In 2007 I left Ireland  to move back to the UK (i had no family or anywhere to turn to in Ireland) after discovering my husbands affair and he was violent towards me.  Our divorce was finalised in 2010 on the grounds of adultery (took 4 attempts to get ex to agree).

We had in 2007 purchased a new build house in limerick, we had not moved in when i left as it wasn't ready and mortgage payments had not started.we agreed that my ex husband was still going to move into and pay the mortgage on the house. We agreed (not legally as we couldn't afford to go
Through the courts)  that he would do this until the house in Ireland would be sold. 

This didn't happen and the house fell into arrears. I contacted the bank to discuss options and advised them the house was up for sale. They didn't really offer me much help apart from to pay and make an appointment to see someone in branch, which I could not do as I lived in UK now. I asked if the could communicate with me via email and phone and they said they wouldn't in email. 

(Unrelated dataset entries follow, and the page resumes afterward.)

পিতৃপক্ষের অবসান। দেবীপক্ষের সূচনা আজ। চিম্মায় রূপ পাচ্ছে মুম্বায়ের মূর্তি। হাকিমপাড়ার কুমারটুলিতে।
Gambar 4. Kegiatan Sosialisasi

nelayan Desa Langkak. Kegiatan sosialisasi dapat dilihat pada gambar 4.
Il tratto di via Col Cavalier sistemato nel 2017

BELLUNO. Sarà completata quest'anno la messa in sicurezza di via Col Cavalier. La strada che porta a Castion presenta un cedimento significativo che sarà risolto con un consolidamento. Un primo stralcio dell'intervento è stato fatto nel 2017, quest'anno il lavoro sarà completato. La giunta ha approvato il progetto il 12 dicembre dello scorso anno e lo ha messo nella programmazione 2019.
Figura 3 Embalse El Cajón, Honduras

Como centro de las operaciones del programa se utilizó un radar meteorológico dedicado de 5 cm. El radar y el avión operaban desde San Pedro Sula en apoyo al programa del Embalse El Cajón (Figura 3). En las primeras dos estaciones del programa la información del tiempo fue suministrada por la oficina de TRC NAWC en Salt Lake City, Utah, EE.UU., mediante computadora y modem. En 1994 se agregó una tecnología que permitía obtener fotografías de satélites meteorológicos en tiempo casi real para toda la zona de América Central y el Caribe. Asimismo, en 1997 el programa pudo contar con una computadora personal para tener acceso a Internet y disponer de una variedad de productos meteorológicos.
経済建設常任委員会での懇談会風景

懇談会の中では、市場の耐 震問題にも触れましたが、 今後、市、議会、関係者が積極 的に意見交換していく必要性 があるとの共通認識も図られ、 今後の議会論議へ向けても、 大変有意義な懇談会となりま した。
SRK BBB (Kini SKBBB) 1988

After that phone call I heard nothing from PTSB until 2009 when I received an email asking me to contact them. I explained the house was still on the market, still empty and I still couldn't pay. I offered to hand the keys back. They said it was an option.

My ex husband  who is still living in Ireland was now renting a house with his mistress only fifteen mins down the road and they refused to move in the house and pay anything. 
This is still the case.

Again after this I heard nothing from PTSB until Dec 2012 when I received a letter asking for payment of arrears or vol surrender. I rang them again and said my situation had not changed and that I would surrender. My ex husband finally went to branch and agreed he would hand the keys back.

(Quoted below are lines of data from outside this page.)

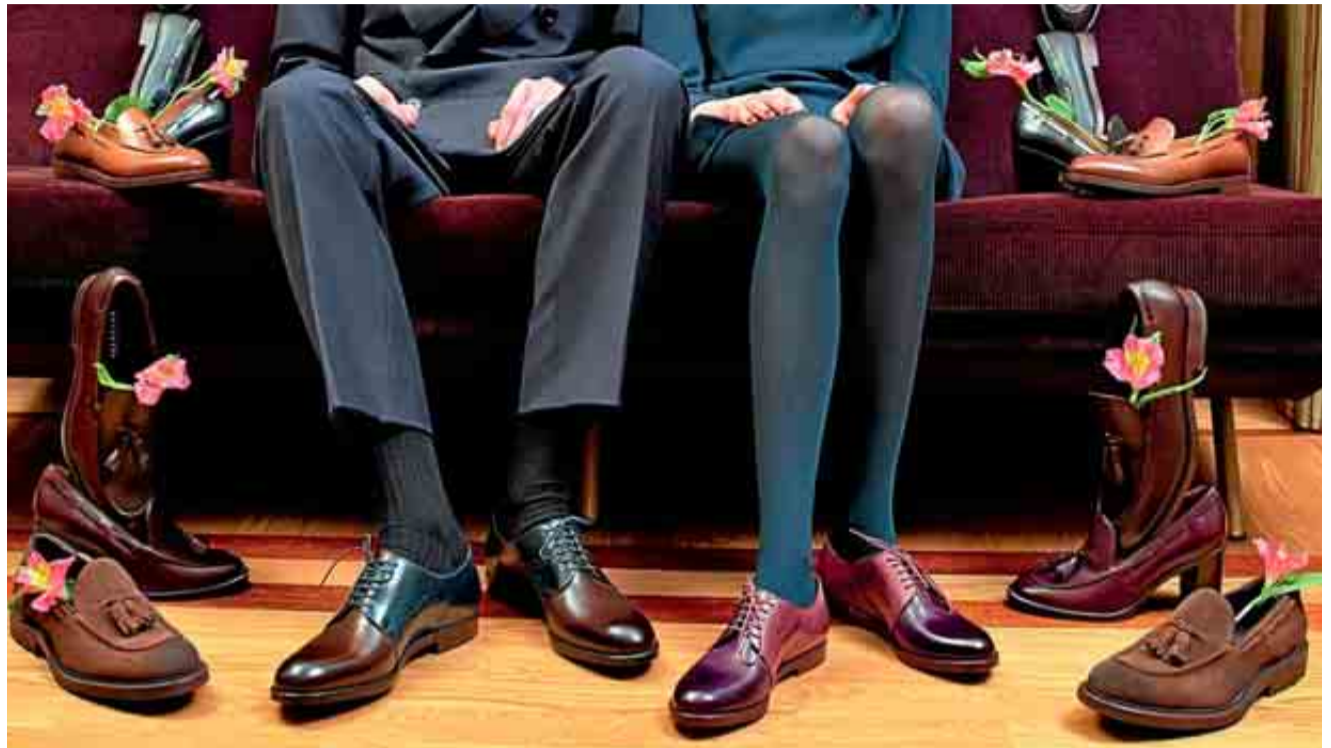
La marca italiana Fratelli Rossetti crea modelos de oxfords prácticamente iguales para hombres y para mujeres.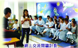
網上交流閱讀計劃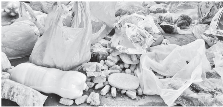
Diversos produtos foram apreendidos pela Força-Tarefa do Programa Segurança dos Alimentos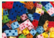
ブロックパズル体験

子どもたちやその家族と一緒にドキドキ・ワクワクできる体験型ワークショップを毎月土・日・祝日を中心に開催。各企業の得意分野を生かしたプログラムが多く、「子どもたちの自由な発想に気づかされる!」と、ワークショップの開催企業様からも好評です。この取り組みは、地域貢献や企業ブランディングにつながります。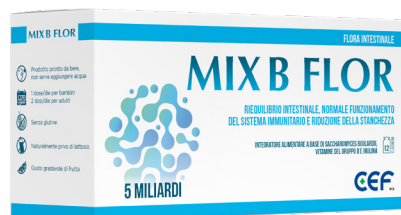
MIX B FLOR 12 flaconcini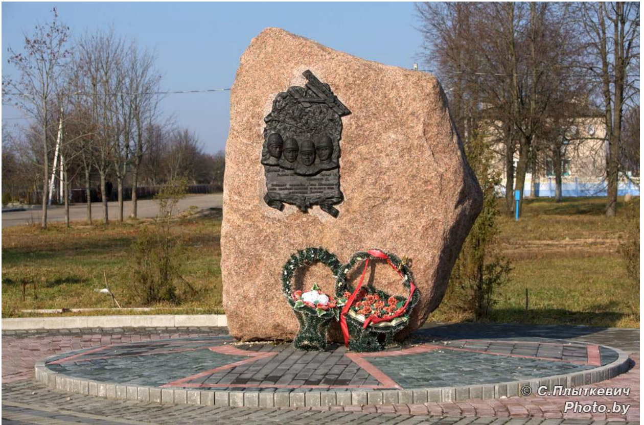
(Памятник экипажу самолета «Илья Муромец»)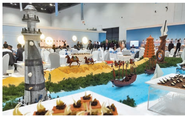
◆餐飲區冷餐檯上的「一帶一路」元素。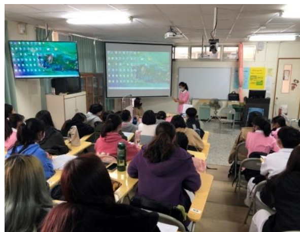
拍照日期：110. 11. 10 照片說明：同學進行情境教學演練

Guess what I have heard nothing again, and it is now almost September 2013. My ex is still renting and the last message I had from his is that he would declare himself bankrupt under new Irish laws.

I know I am jointly responsible for this property and believe me if I could pay I would but I can't my situation made my life change and took this out of my control, no excuse I know but it's the truth. I didn't want to take the mortgage in the first place as my ex only had a six month contract an the bank had no problems offering us te mortgage on the fact he had a letter saying he would be offered a new contract - he wasn't btw and is now unemployed and being supported by the state and his teacher mistress.

The mortgage was €245000
Arrears around €80000
Neg equity of €120-150000

I'm guessing at the above as I have no paperwork as it remained in Ireland along with half of my possessions when I left. It wasn't a well thought through exit, more a swift I have to run for it exit. Again no excuse I know.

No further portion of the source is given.